I have a c.d. 20ga semi and I love it... I agree with wave warrior.... It is awesomely light for carrying in the field!!!!!!!!!! And it performs awesome.... I use it for pheasants and doves and squirrels...... I have had a few jams when trap shooting with cheap loads but never a problem out in the field...


----------



## wave warrior (Oct 2, 2005)

let us know your results!!!!!!! [email protected]


----------



## BigChessie (Mar 12, 2005)

My son put less than 100 rounds through his Daly semi 12 gauge before the carrier bolt broke up into several pieces. I have contacted them and they refuse to even give me a response. SO you can guess what I think about them.


----------



## wave warrior (Oct 2, 2005)

BigChessie said:


> My son put less than 100 rounds through his Daly semi 12 gauge before the carrier bolt broke up into several pieces. I have contacted them and they refuse to even give me a response. SO you can guess what I think about them.

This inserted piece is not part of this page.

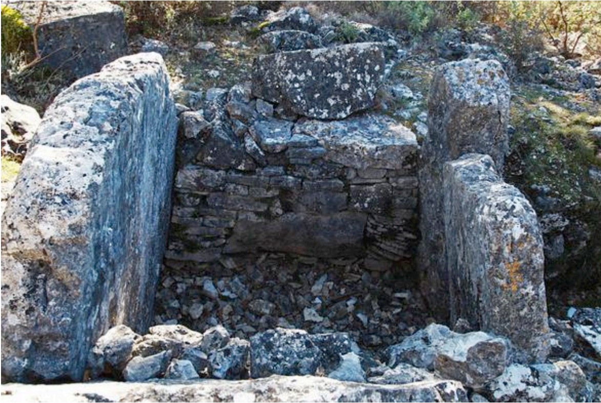
Dolmen des Puades , Saint-Cézaire-sur-Siagne

C'est au V ème millénaire avant J-C, sur la façade atlantique de l'Europe, qu'apparaissent les sépultures sous dalles, les tumulus longs, les tombes à couloir. Dans le sud-est de la France, ces sépultures prennent la forme de dolmens .

??? mine has a lifetime warranty...did he register it...buy it new???


----------



## lastv8 (Oct 11, 2004)

my opinion is buy something that says remington on it.


----------



## lastv8 (Oct 11, 2004)

you can thank me later


----------



## BigChessie (Mar 12, 2005)

Wave I bought it from a guy that bought it for his wife, she shot it a couple times and did not like it. I figured with it as new that it was a safe purchase. I was told that it should be covered still, I am going to have to just call them. I had been sending emails because I was alittle P***ed that it busted so easily, I have cooled off enough to speak with someone now. lol


----------



## Pond Puppy (Apr 7, 2005)

I agree with lastv8. Unless you can afford a Benelli, an 870 or 1187 is very hard to beat.I have an 870 that I bought 20 years ago and have never, yes never had a problem with it.


----------



## littleking (Jun 25, 2005)

ithaca model 51 for auto, ithaca model 37 for pump, stoeger condor for OU

all under $300


----------



## tspergin (Mar 31, 2006)

brother-in-law bought one new and when the imp cyl choke tube was used the barrel exploded 4 " from the end ,cant get a response from e-mails cant get parts anywhere since it is a import ,I would do some more reserch before buying


----------



## BottomBouncer (Jan 20, 2005)

I wouldn't buy one. Get an 1100 or 11-87. Much safer bet.


----------